Paper Structure (19 sections, 5 equations, 4 figures)

This paper contains 19 sections, 5 equations, 4 figures.

Figures (4)

  • Figure 1: General architecture of the logarithmic Bayesian machine.a Optical microscopy image of the die of the fabricated machine. b Electron microscopy image of a memristor integrated in the CMOS backend of line of our process. c Photograph of the logarithmic Bayesian machine test setup. d Simplified schematic of the implemented logarithmic Bayesian machine. All log-probabilities are coded as eight-bit integers, following eq. \ref{['eq:entier']}.

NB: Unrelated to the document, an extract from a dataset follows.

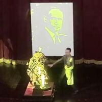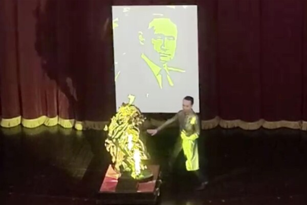 Портрет президента Российской Федерации Владимира Путина, образованный тенью от вращения скульптур берез и коня, показали на концерте в честь визита российского лидера на сцене Большого оперного театра в Ханое. Об этом сообщает РИА Новости.

  • Figure 2: Experimental implementation of sleep stage classification throughout the night.a Inputs and and outputs of the logarithmic Bayesian machine used for sleep stage classification. b Bayesian network model implemented on the logarithmic Bayesian machine used for sleep stage classification. c Experimentally measured test accuracy of the logarithmic Bayesian machine, averaged over 1000 five-second segments. The measurement was repeated for various supply voltages VDD.
  • Figure 3: Benchmarking the accuracy and the energy consumption of the stochastic and logarithmic Bayesian machines.a,b Accuracy of the stochastic machine on a gesture recognition and b sleep stage classification, as a function of number of clock cycles, using the conventional stochastic computing or the power conscious approach. The accuracy of the logarithmic machine (one clock cycle) is plotted as a reference. Error bars are defined in the Methods section. c,d Energy consumption as a function of accuracy for c gesture recognition and d sleep stage classification, using all approaches considered in a,b. This Figure is obtained associating several simulation methodologies (see Methods).

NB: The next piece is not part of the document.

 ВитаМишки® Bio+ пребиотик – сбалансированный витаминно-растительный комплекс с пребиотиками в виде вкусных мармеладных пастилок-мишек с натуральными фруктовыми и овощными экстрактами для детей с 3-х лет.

  • Figure 4: Resilience of the stochastic and logarithmic Bayesian machine to memristor bit error rate. Accuracy of the stochastic (using conventional and power-conscious computation) and logarithmic Bayesian machines as a function of the memristor bit error rates, for a gesture recognition and b sleep stage classification tasks. This Figure is obtained using Monte Carlo simulation (see Methods). Error bars/shadows represent one standard deviation when repeating the simulation with different memory errors. Stochastic computing simulations in a use 100 cycles, and in b 4096 cycles.